Apple on Tuesday laid out ambitious plans to broaden its early lead in the digital entertainment business, announcing an iPod mobile phone and an Apple TV set-top box that together could extend the US technology company's reach into big new consumer electronics markets.

Speaking at Apple's annual MacWorld trade show in San Francisco, Steve Jobs, chief executive, claimed the widely anticipated cellular device, the iPhone, represented a breakthrough.

"Apple is going to reinvent the phone," he declared, showing off a thin, handheld device with a 3.5-inch screen that displays touch-screen controls.

Describing the gadget as "the ultimate digital device", Mr Jobs said it would play music and video, display e-mails and act as a handset for web browsing.

The iPhone's launch, scheduled for June, marks an attempt to reshape a category of mobile phone that has caused trouble for other technology and mobile phone companies in the past.

The announcement hit rivals, with shares of Asian handset makers falling sharply on Wednesday morning on concerns of increasing competition. LG Electronics, Asia’s second largest handset maker, dropped 3.44 per cent by late morning trading, while Samsung Electronics, it’s bigger rival, fell 1.54 per cent.

In spite of similar big promises for other multi-function devices, "smart phones" remain only a small part of the mobile business.

The iPhone will cost from $499 (£257) and will go on sale in the US in June, with European sales to begin in the second half of this year and Asia in 2008, Apple said.

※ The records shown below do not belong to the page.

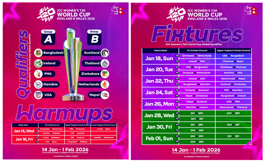नेपालले आफ्नो पहिलो खेलमा १८ जनवरीमा थाइल्यान्डसँग माथिल्लो मुलपनी क्रिकेट मैदानमा खेल्नेछ ।नेपालले पहिलोपटक विश्वकप एसिया छनोट पार गरेर ग्लोबल छनोटमा पुगेको थियो । यस प्रतियोगितामा दुवै समूहबाट शीर्ष ३ मा पर्ने टोलीहरू सुपर सिक्समा छनोट हुनेछन् । सुपर सिक्सबाट शीर्ष ४ टोलीहरू सन् २०२६ मा हुने महिला टी-२० विश्वकपमा छनोट हुनेछन् ।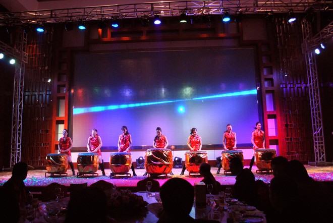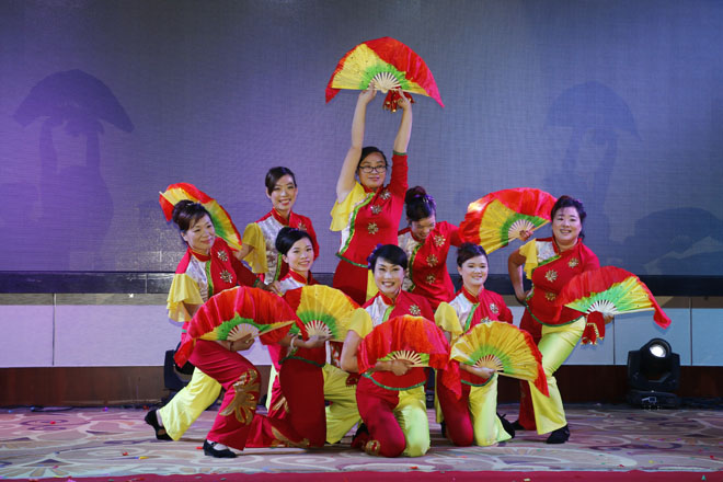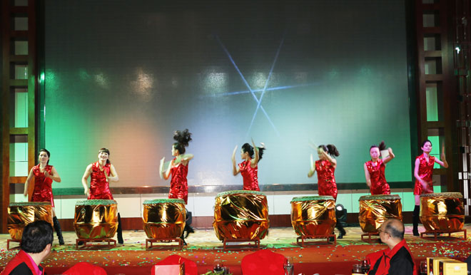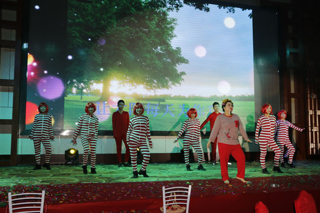 市區(qū)前臺(tái)接待部帶來(lái)的《舞動(dòng)青春》,她們激情澎湃,敲出了青春的飛揚(yáng),為年會(huì)敲響了第一炮。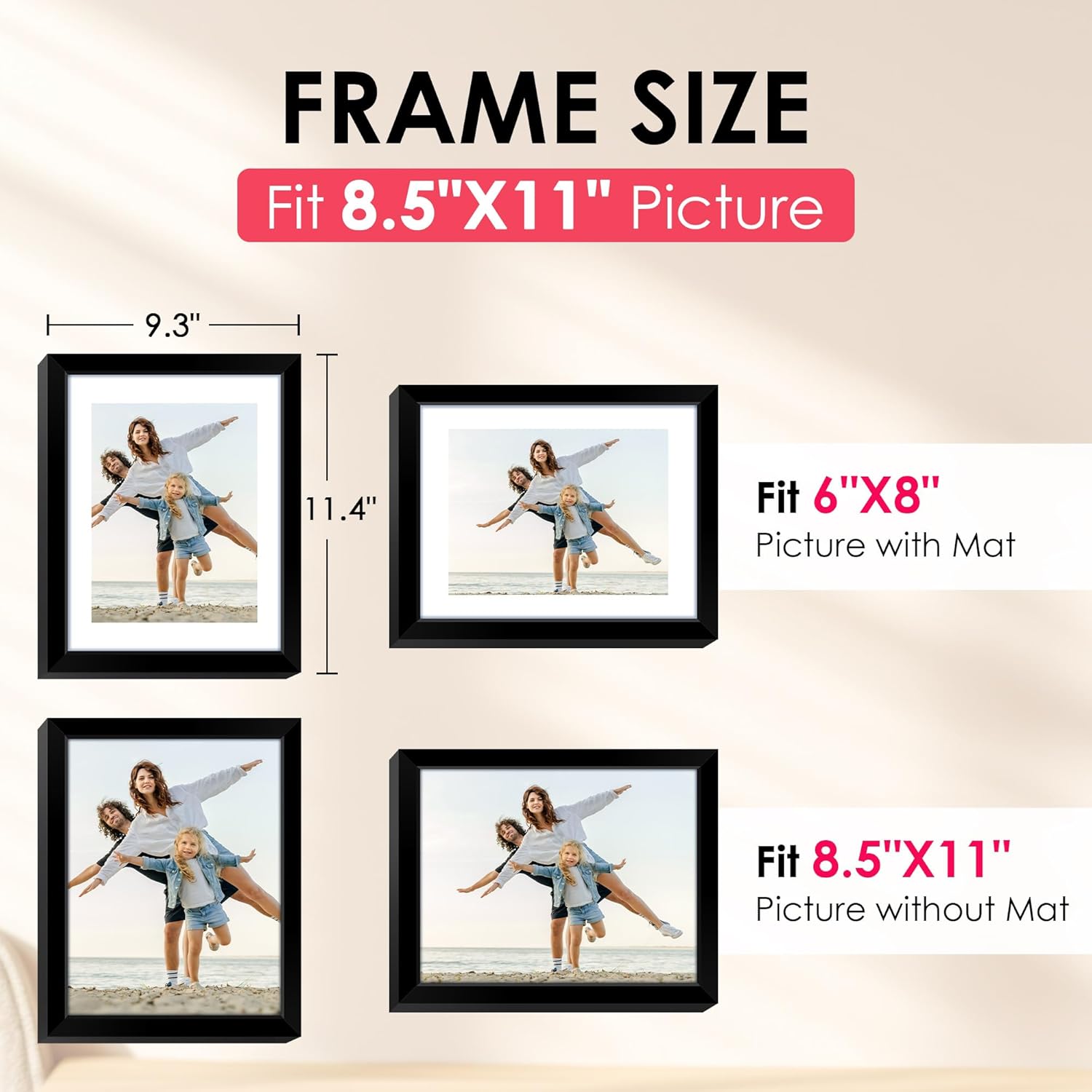 - Versatile Display: The 8.5x11 picture frames can showcase 8.5x11 photos without a mat, or with a mat, they can accommodate 6x8 photos, allowing you to layer and enhance the visual appeal of your pictures.Cherish your special memories and create a personal gallery that reflects your unique style and personality.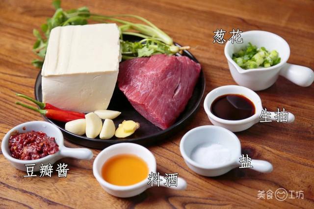 牛肉 200g/ 豆腐 1 块 / 豆瓣酱 / 葱蒜

The Apple TV set-top box, with a 40Gb hard drive, will be available in February for $299.

Mr Jobs said Apple hoped to corner 1 per cent of the global handset market by 2008, a goal that would mean sales of 10m iPhone units.

The new products, which come as Mr Jobs continues to face scrutiny for his role in options backdating at the company, sent shares in Apple up 6.4 per cent to $91.12 by mid-afternoon in New York.

In a further sign of the company's transition, Mr Jobs announced that Apple Computer would henceforth be known simply as "Apple".

Apple's bid to tackle the 1bn-units-a-year mobile handset market is its most ambitious move yet outside its core business of computers.

Mr Jobs said Apple had agreed an exclusive partnership with Cingular, the mobile operator, that would provide mobile service to the phones in the US.

The phones will feature applications from leading internet search groups, including built-in functionality for Google's maps service, and a free "push" e-mail service that sends messages from customers' Yahoo email accounts to their phones.

Stan Sigman, chief executive of Cingular, now a part of AT&T, said the deal to distribute the iPhone, first discussed two years ago, amounted to a "unique partnership" in the industry.